Longy’s Master of Music in Music Education is rooted in socially engaged teaching practices. Longy students work toward their Massachusetts teaching license while exploring culturally responsive pedagogy and gaining vital in-person experience at local music programs, El-Sistema inspired sites, and public schools in the greater Boston area.

Our online degree

Making teacher training accessible worldwide

To enable more musicians worldwide to become teachers, Longy has launched an online Master of Music in Music Education program that is available to anyone, anywhere. The program allows musicians to complete their degrees in as little as one year. The online degree is designed to be accessible and affordable through its asynchronous content that allows students to remain employed at their current job.
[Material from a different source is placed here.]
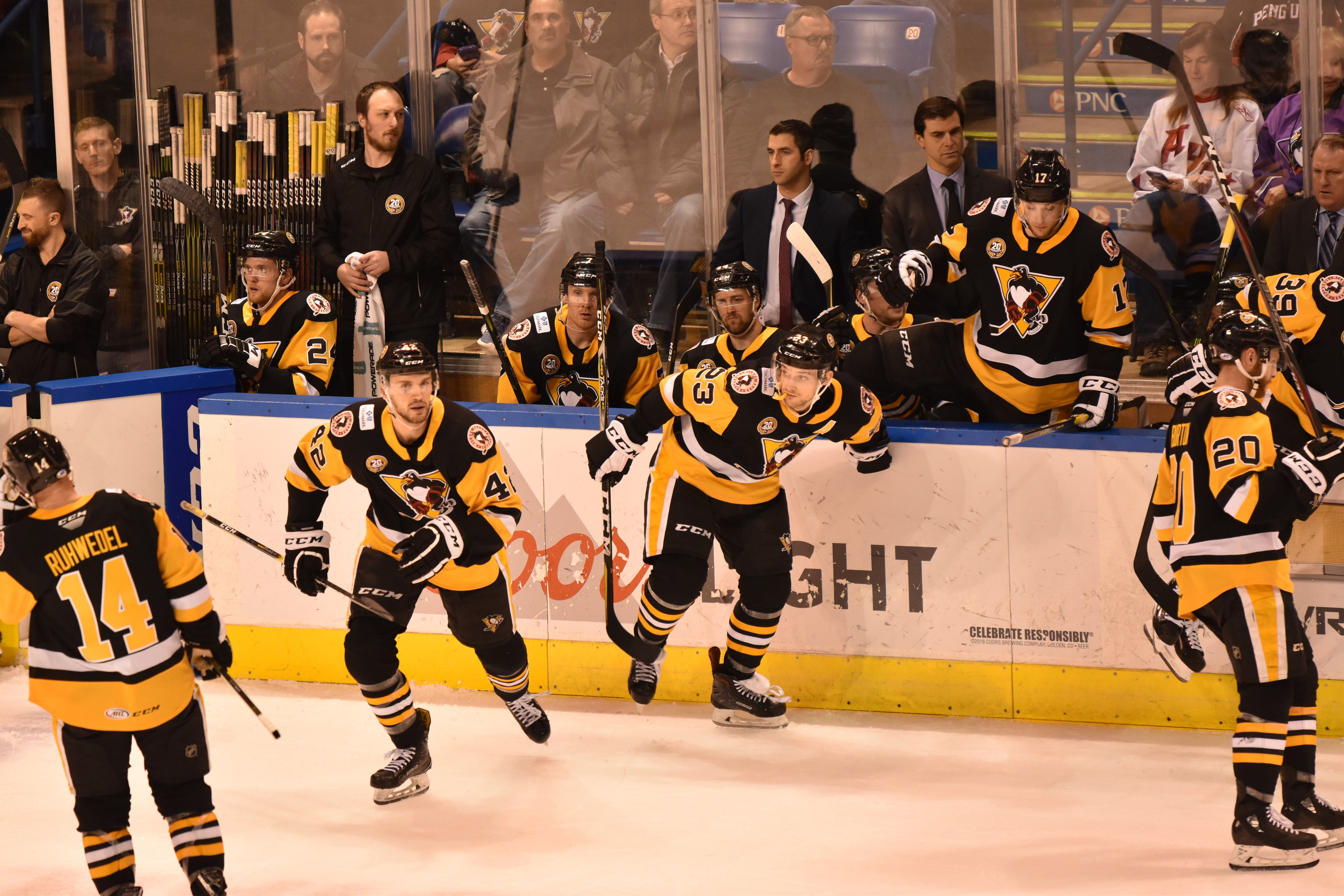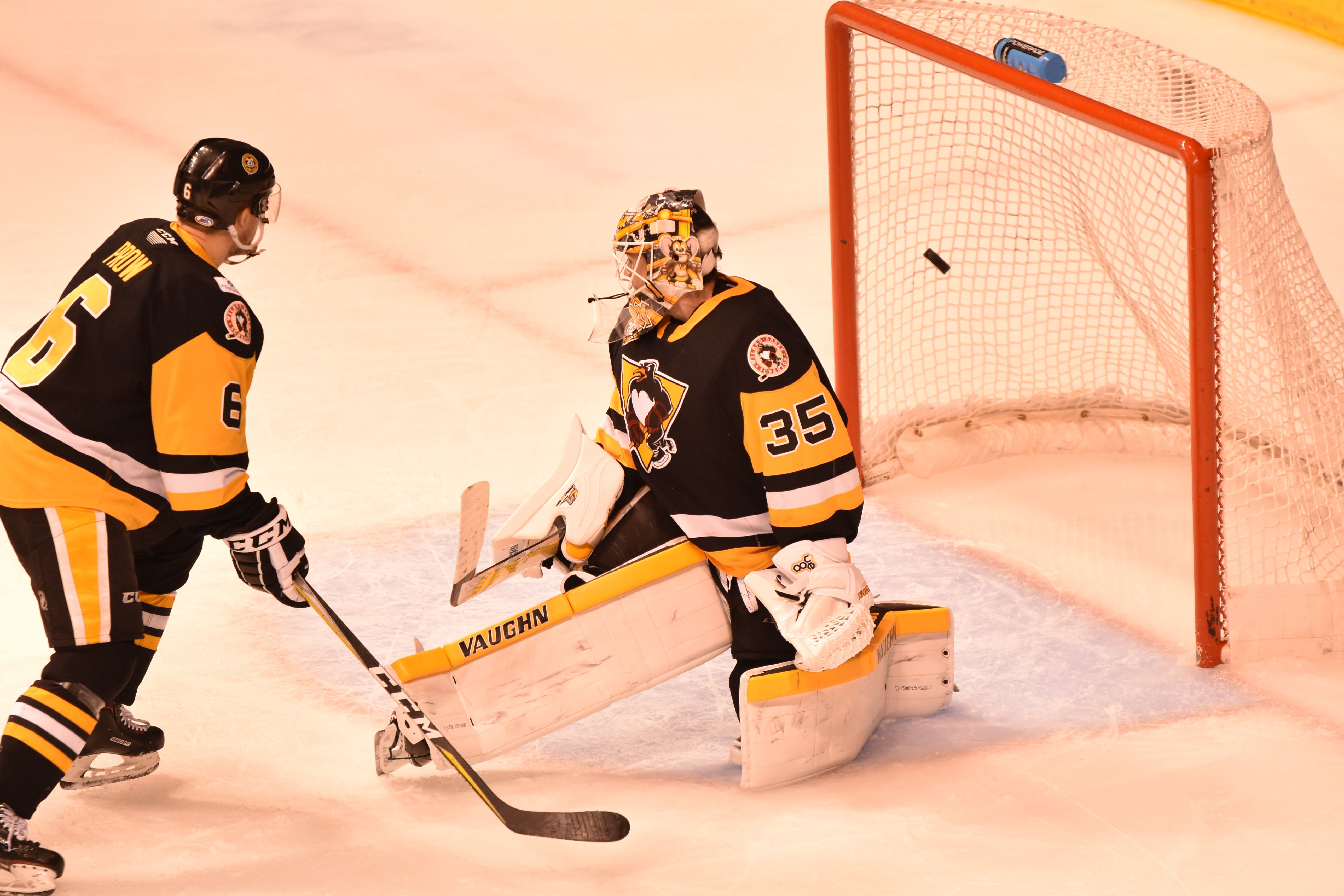 The Penguins earned a four-minute power play later in the second period, but after seeing a Griffins penalty killer snap his stick and several posts struck by Penguins shooters, their lengthy man advantage was unsuccessful. During that sequence, Grand Rapids earned a shorthanded breakaway, and Tristan Jarry came up with a crucial save for Wilkes-Barre/Scranton.

Ivan Shiu grew up in a musical family in Hong Kong and wanted to become a music teacher. But as an international student and a person of color studying in the U.S., he often felt unseen and misrepresented by his teachers—his perspective and contributions didn’t seem to matter. Determined to become the kind of teacher who could ignite a student’s passion for music rather than dampen it, Ivan enrolled in Longy’s music education program, which emphasizes culturally responsive teaching that values and builds on each student’s life experiences. He now teaches in a public school system committed to engaging its highly diverse student body with this same teaching philosophy. “Longy helped me figure out how to be my authentic self in the classroom, with students who often feel unseen as I once did.”